This utility is a kind of Swiss Army knife for AI developers used to working in a text-based terminal.
It has no chat features. It use chat endpoints as completion endpoint. Its sole purpose is to quickly craft prompts, check payload and/or response format, tokens usage, collect and analyze data, try the same prompt with different parameter settings, and so on.
Prompts can be content from web sites (technical details). Note: dynamic web pages are not supported.
Can get embedding of prompt (technical details).

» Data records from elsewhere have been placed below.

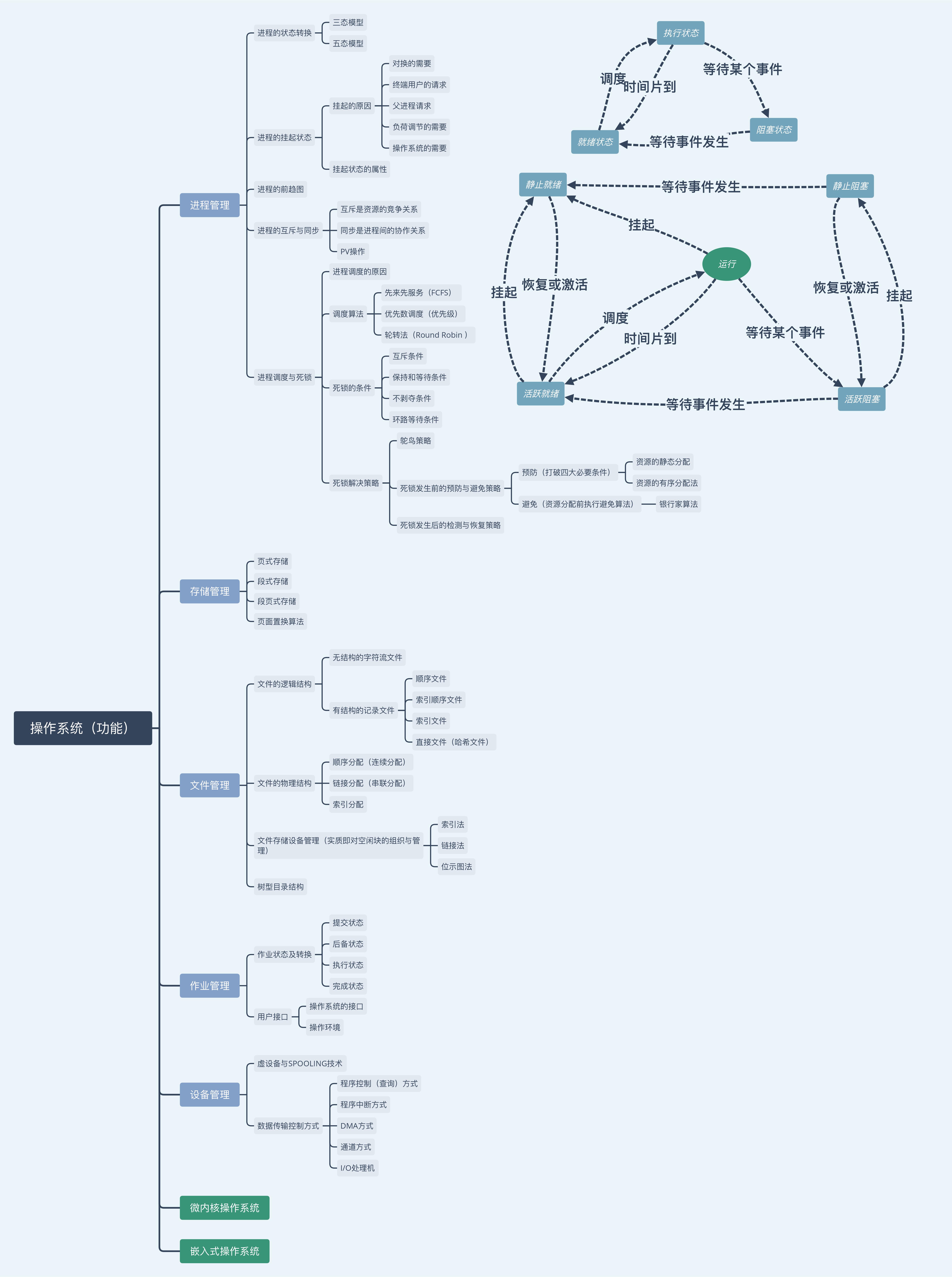 思维导图首先以思维结构为主,其次以考试的内容进行一定的改动(如本次,将“嵌入系统”放在了“操作系统(功能)“分类中)。
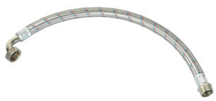 Гибкая подводка представляет собой шланг из нетоксичной резины в оплетке из нержавеющей стали. По концам подводки напрессованы ниппели с наружной резьбой или с накидной гайкой, укомплектованной прокладкой.
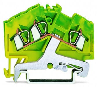 3-проводные клеммы с заземлением; 2,5 мм²; подходят для исполнений Ex e II; центральная маркировка; для DIN-рейки 35 x 15 и 35 x 7,5; CAGE CLAMP®; 2,50 mm²; зеленые-желто
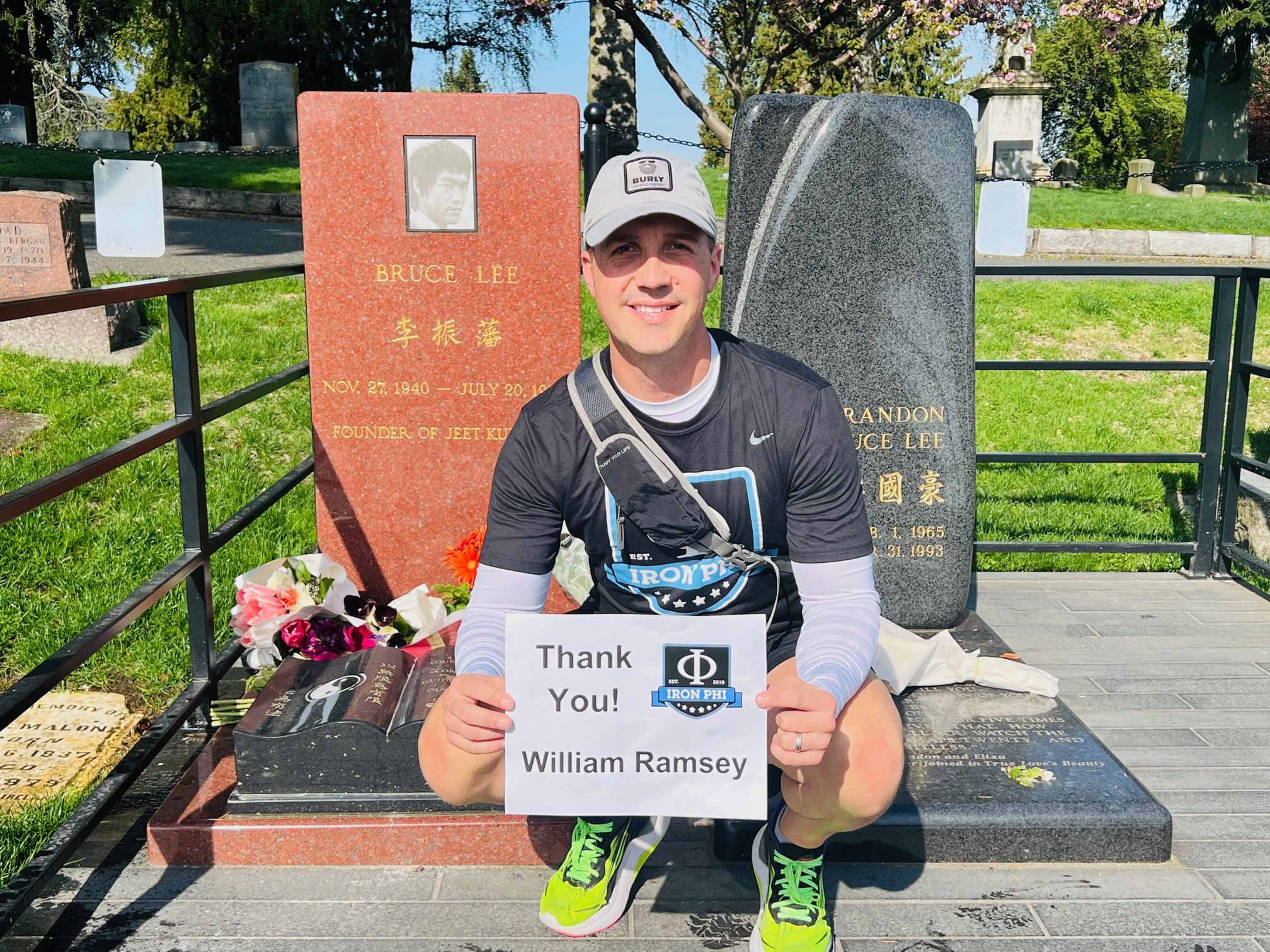 Volunteer Park is home to a fairly large cemetery, and within it, lies two very famous men from the Lee family – Bruce and Brandon Lee. Bruce Lee is considered by critics, media, and other martial artists to be the most influential martial artist of all time and a pop culture icon of the 20th century, who bridged the gap between East and West. Brandon, Bruce’s son, followed in his footsteps and led an intriguing life himself. At the grave site, I thanked William Ramsey, a Phi Delt from Louisiana State. It’s been great to connect with William over the past few years through his volunteerism with the Fraternity!

Embeddings can be used with companion utility eucos.
Request/Response session can be exported in a CSV file (technical details).
Can send asynchronous groups of requests using Batch API (technical details).
More usage examples here.
All of the examples in this guide use the Bash shell on Linux systems, but can run on other platforms as well.

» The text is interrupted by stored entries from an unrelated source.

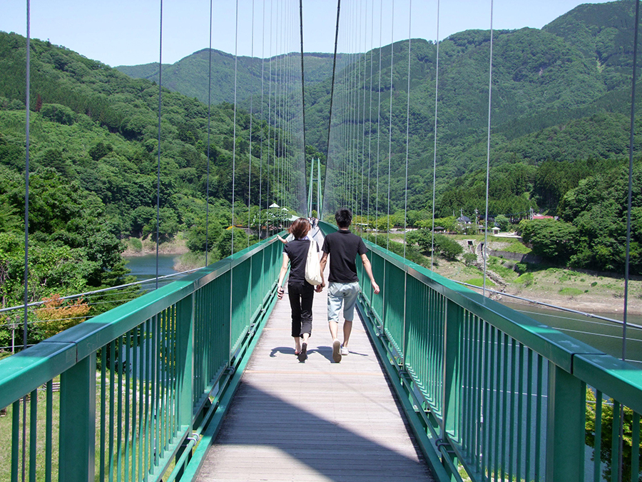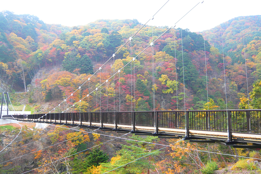 吊橋を囲む雄大な塩原渓谷は、訪れた人を新緑・紅葉・雪化粧など四季折々の美しい景観で迎えてくれます。360度の大パノラマに加えて、全長320メートルの吊橋から足元を見下ろせばきらきらと光る水面がロマンティック。
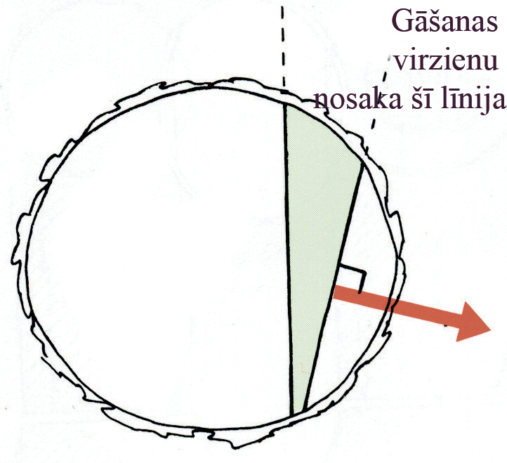 2. Ja koks ir mazāk nosvēries vai gāšanas virzienā ir spēcīgs vējš, tad zāģēt var šādi: vispirms izdara zāģējumu stumbrā līdz nepārzāģētajai josliņai un pēc tam
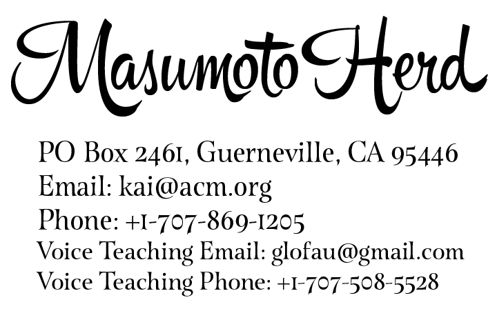 ADDITIONAL INFORMATIONMASUMOTO HERD is a marital partnership registered in Sonoma County, CA. Masumoto Herd Website: http://www.masumotoherd.com/ Masumoto Herd YouTube Channel: http://www.youtube.com/glofau/ Our main workshop is located in Rohnert Park, California. Tours by appointment only. Please contact us at the phone number above to schedule a time! Last Updated: February 5, 2020 |
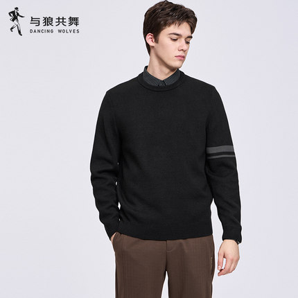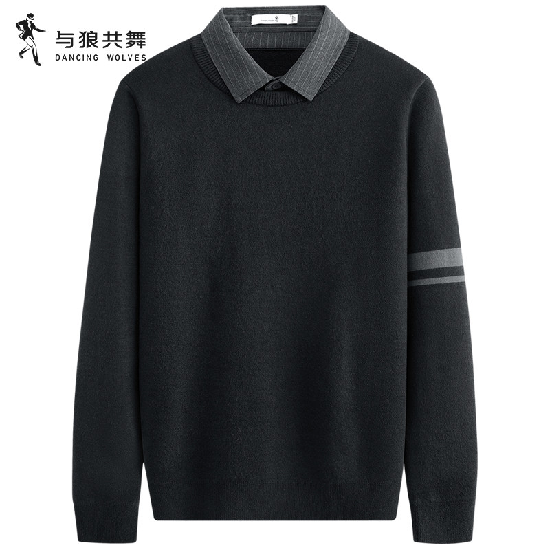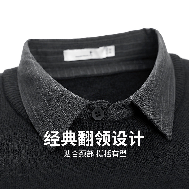【羊毛】与狼共舞假两件翻领毛衣男2025秋冬新款抗菌保暖针织毛衫

To follow this guide a basic knowledge of OpenAI APIs is required.
Presets
There are some basic presets, such as summarization or sentiment analisys, that can be used as a reference or starting point.

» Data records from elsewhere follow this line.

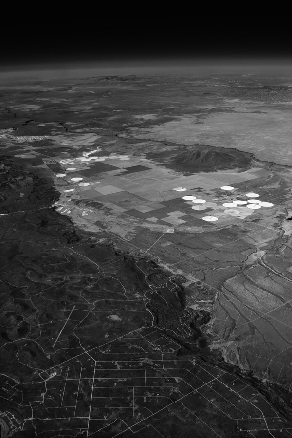 Lined Escarpment and Circles (SLC>DFW>LBB), 2012-15, pigment print; infrared sensor digital camera
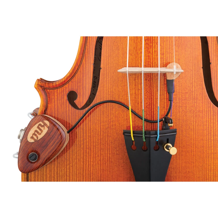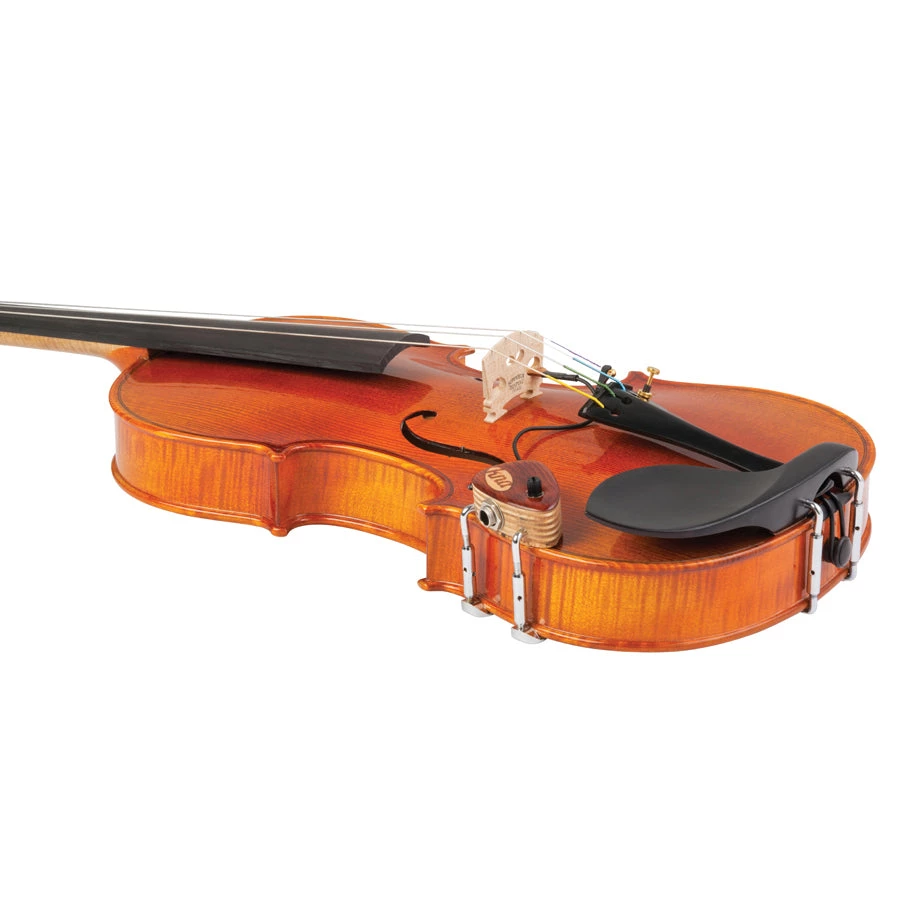VV-2 is perfect for players seeking pure tone and simplicity with the ability to adjust output volume from the stage. A passive piezo sensor installs at the bridge. A potentiometer is built into the jack housing, which mounts safely to the instrument via cork-lined, fully adjustable barrel clamps.Â
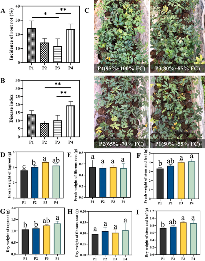 图1不同土壤水分处理对林下三七根腐病发病率、病情指数和生物量的影响
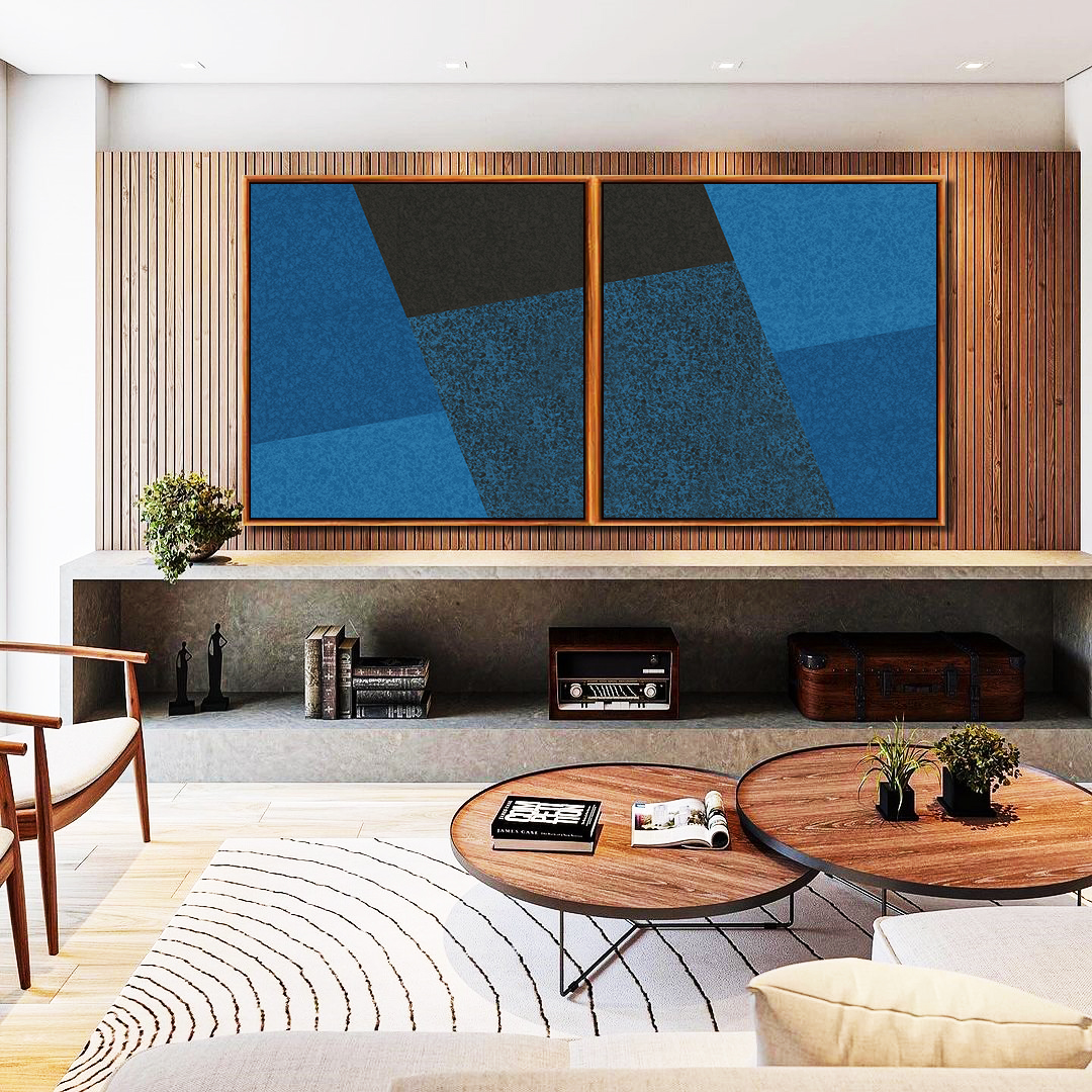 Moderno e sofisticado, este Duo de Quadros Quadrados geométrico em degradê azul cria profundidade e equilíbrio visual no ambiente. A escolha ideal para salas elegantes, quartos refinados, escritórios contemporâneos.

Presets imply that all parameters are presetted, but they can be changed (technical details).
Any preset is executed against a given prompt. For example, preset summary summarize user prompt, preset ner execute a Named Entity Recognition task on user text prompt, etc...
Presets can also be used with web pages. If you use --web URL
option with a preset, web page content becomes the prompt (technical details).
Presets list
To list all presets use --list-presets
option:
gptcli --list-presets
Output:
presets:
absurdity (write nonsense, using PROMPT as starting point)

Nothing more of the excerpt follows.